After an upset victory in 1948 against Thomas Dewey, Truman was sucked into another war in Korea in June 1950 and suffered a loss of popularity when he fired Douglas MacArthur over the conduct of the war.
Truman chose not to run in 1952, and the contest was between Dwight Eisenhower and Adlai Stevenson, as again in 1956. Eisenhower won both times, but his vice-president Richard Nixon failed in his run against John Kennedy in 1960, a campaign notable for the fact that debates between the two candidates were the first to be nationally televised.
Subsequent presidential campaigns are perhaps too recent or too boring (for the most part) to merit mention here, but the list of contenders and vice presidents is interesting in itself, as are the various parties which have come and gone, all of which can be easily found on sites like Wikipedia.

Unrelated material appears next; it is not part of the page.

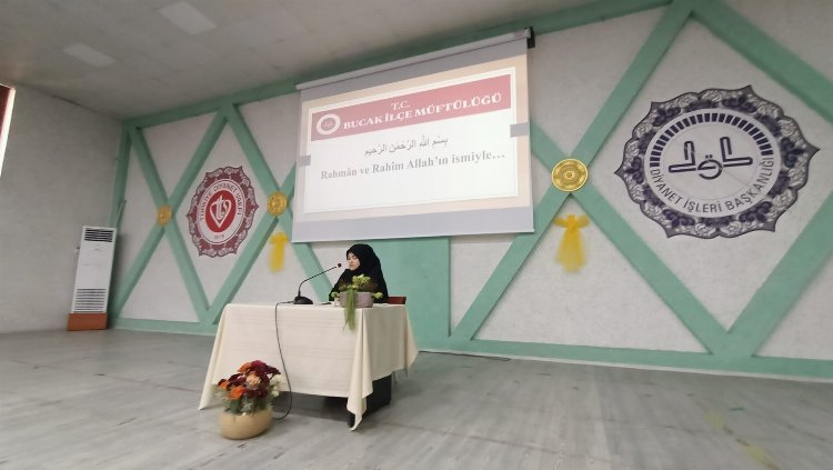 Bucak İlçe Müftülüğü Aile ve Dini Rehberlik Bürosunca Aile Haftası kapsamında bayanlara yönelik "Aile" konulu konferans düzenlendi.

Several vice presidents went on to become president, but here’s a partial list of those who didn’t and who are most likely obscured by history: Elbridge Gerry (who prompted the name gerrymandering), Daniel Tompkins, Richard Mentor Johnson, George M. Dallas, William R. King, Hannibal Hamlin, Schuyler Colfax, Henry Wilson, William Wheeler, Thomas Hendricks, Levi Morton, Garret Hobart, Charles Fairbanks, James S. Sherman, Thomas R. Marshall, Charles Dawes, and Charles Curtis.